Надьреви смущенно молчал, чувствуя себя здесь лишним. Пасторша, посидев немного, встала вдруг с места.

— Пойдемте в сад, — пригласила она Андраша, — я покажу вам своих детей.

— Позови их сюда, — предложил пастор.

Но молодой граф уже приготовился идти.

— Знаешь, какие они непослушные.
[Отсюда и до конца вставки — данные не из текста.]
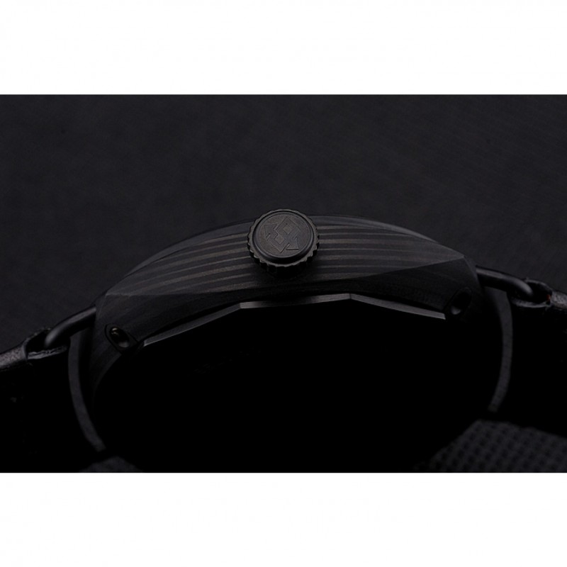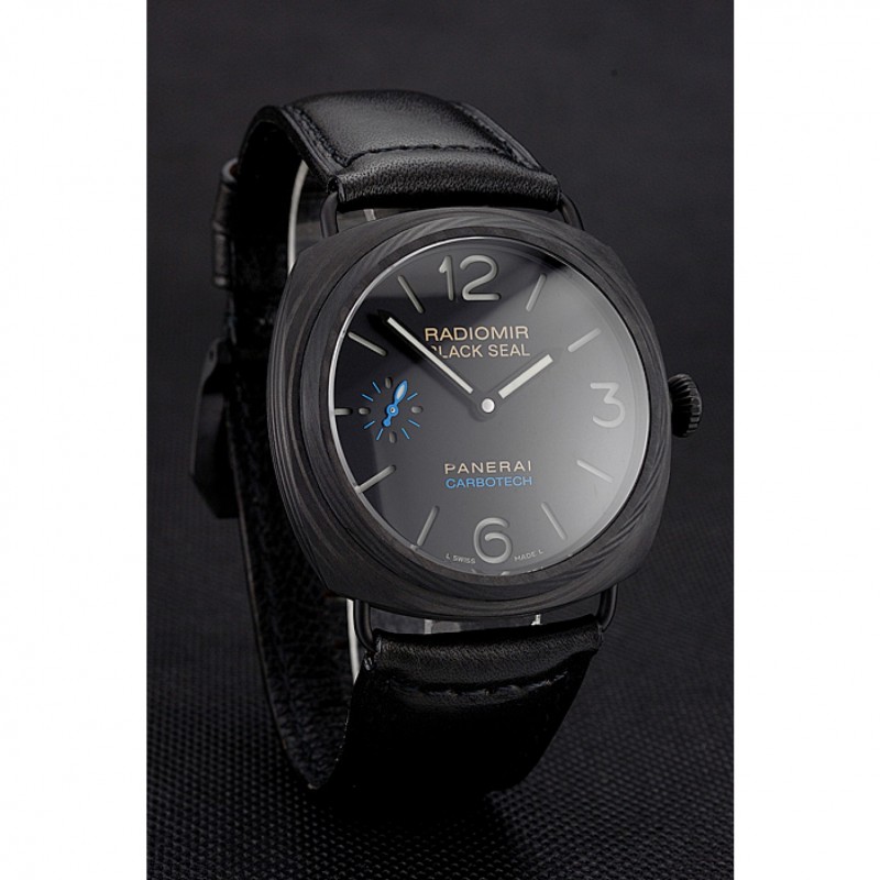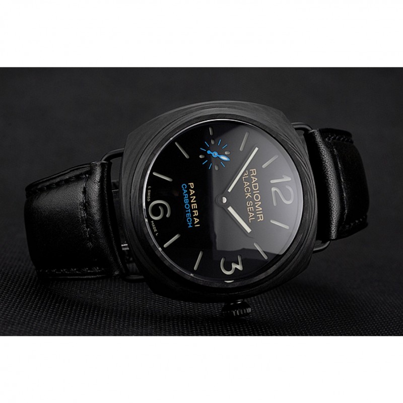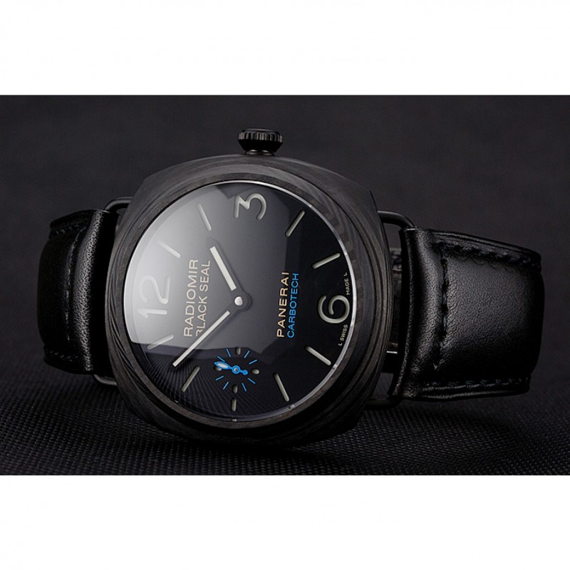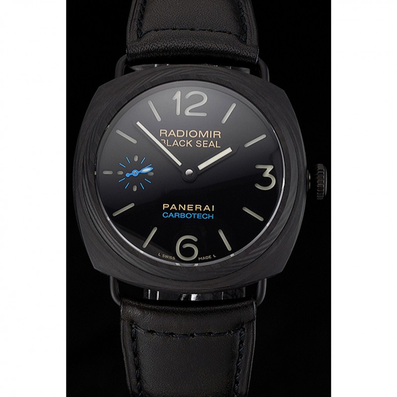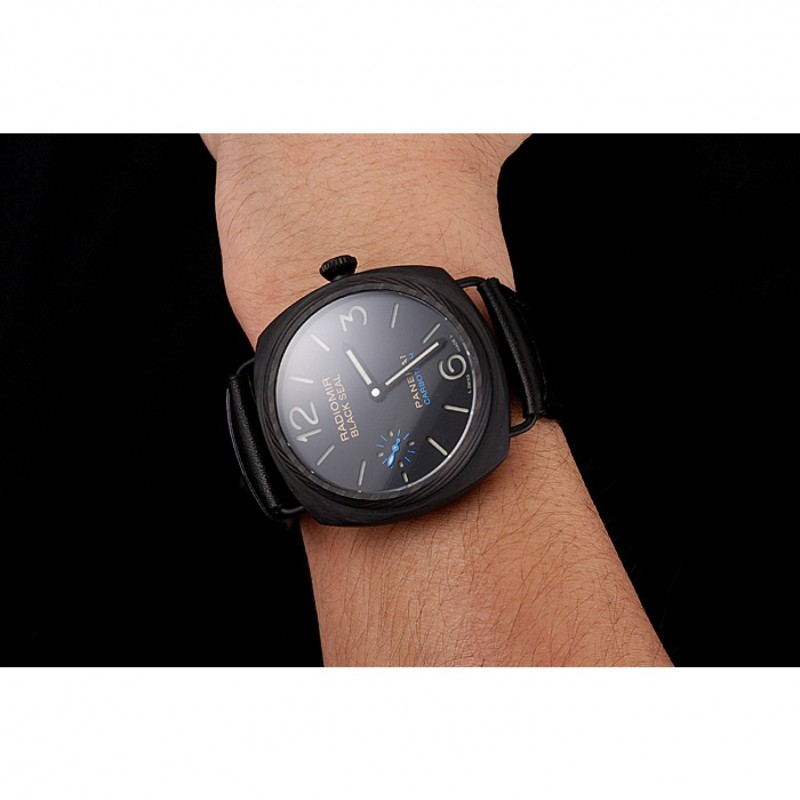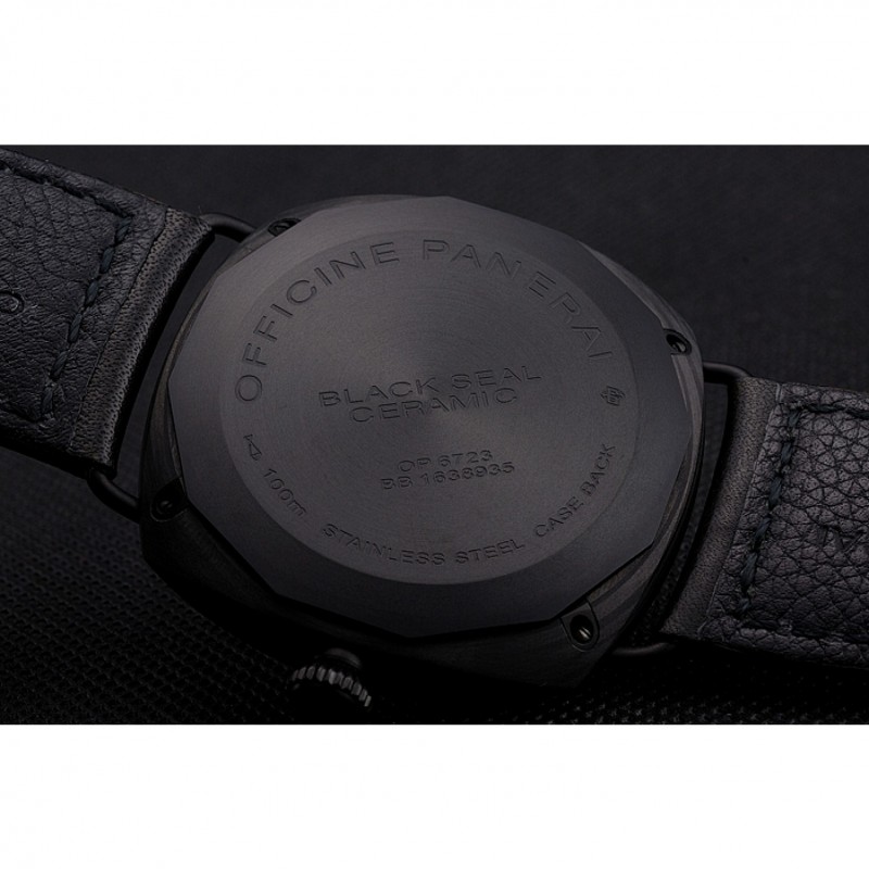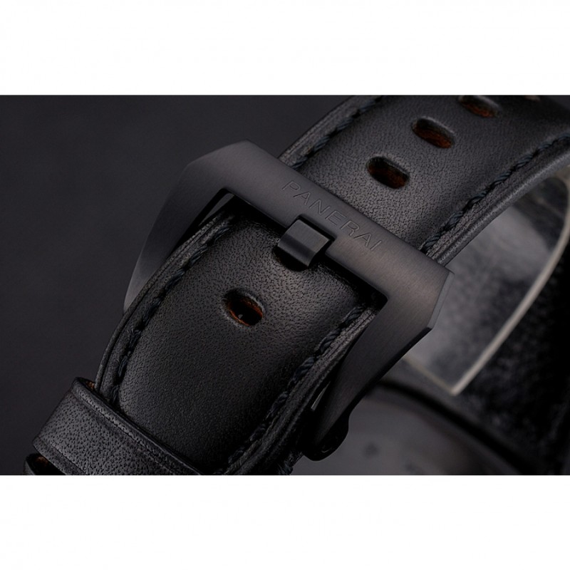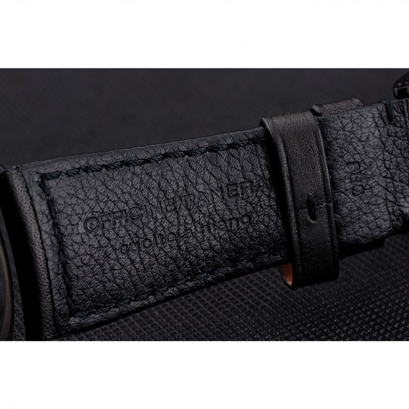 pulsera: correa de cuero negro en relieve calor Officine Panerai con Panerai grabado ion -plated gancho hebilla de cierre

Разве их дозовешься, ведь Янчи сидит сейчас на верхушке сливового дерева.

— Пойдемте посмотрим на Янчи и Юлишку, — выручил пасторшу Андраш, и они вышли в сад.

Кеменеш проводил их взглядом, потом совершенно спокойно повернулся опять к учителю. Они смотрели друг другу в глаза, и, прежде чем Надьреви успел что-нибудь сказать, пастор начал его допрашивать.
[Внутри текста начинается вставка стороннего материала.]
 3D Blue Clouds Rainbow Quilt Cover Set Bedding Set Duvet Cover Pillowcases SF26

— Верите вы в бога? — напрямик спросил он.

Не оскорбленный таким допросом, Надьреви лишь удивился.

— Трудный вопрос, — уклонился он от прямого ответа.

— Нет, легкий. Только ответить на него, пожалуй, трудно. Необязательно отвечать.

— Однако я отвечу. Я скептик. Не атеист, а всего лишь скептик. Можно даже сказать, я верующий, но вера моя несовершенна.

Пастор молчал, сохраняя полное спокойствие. Не выдержав долго, Надьреви первый прервал молчание:

— Видите ли, я вообще склонен сомневаться. С сомнением отношусь к верующим и атеистам. Хочу твердо знать. Знать так же несомненно, как знаю, что нахожусь сейчас в Берлогваре у пастора Яноша Кеменеша. Я не верю, а знаю, что я здесь. И знаю, что усомниться в этом невозможно.

— Словом, вы стремитесь к полной определенности.

— Конечно. А вот ее-то и нет. Но повторяю, я с сомнением отношусь и к атеистам, считаю, что они тоже скептики. Думаю, и верующие жаждут обрести большую определенность.

— Мне нравятся ваши слова. Вы не высокомерны и явно искренни. А это уже много!

— Я полон сомнения, колебаний, в таком состоянии легко быть искренним. Если бы я принадлежал к числу верующих или атеистов, мое положение было бы даже трудней. Пришлось бы отстаивать определенные взгляды.

— Значит, по-вашему, верующий не может быть до конца искренним?

— Если он не выражает никаких сомнений, если насилует себя, то едва ли.

— Интересно. Видно, искушения вечны… Вы молитесь обычно?

Надьреви раздумывал, стоит ли ему отвечать. Первым его побуждением было сказать, что он не ответит на этот вопрос. Но потом он раздумал.

— Да. Вечером читаю «Отче наш». Два и даже три раза.

— Это своего рода страховка, а вдруг…

— Вольно вам насмешничать. Признаюсь, что и таких соображений не лишен я.

— Правильно делаете, что признаетесь. Мне хотелось бы, чтобы вы хоть на шаг продвинулись вперед. Но я еще не спросил, какой вы веры.

— Я евангелист. Так меня крестили. Но от религиозных догматов далек. Пока только о вере в бога можем мы говорить.

— Тяжелое душевное состояние у того, кто останавливается на полпути.

— По-моему, никто не стоит на том или другом конце пути.

— Сомневайтесь свободно. Совершенно смело.

— Ну, я и впредь скорей робко буду сомневаться.

— Вы презираете меня как набожного священника. Или завидуете мне как верующему человеку. Не так ли?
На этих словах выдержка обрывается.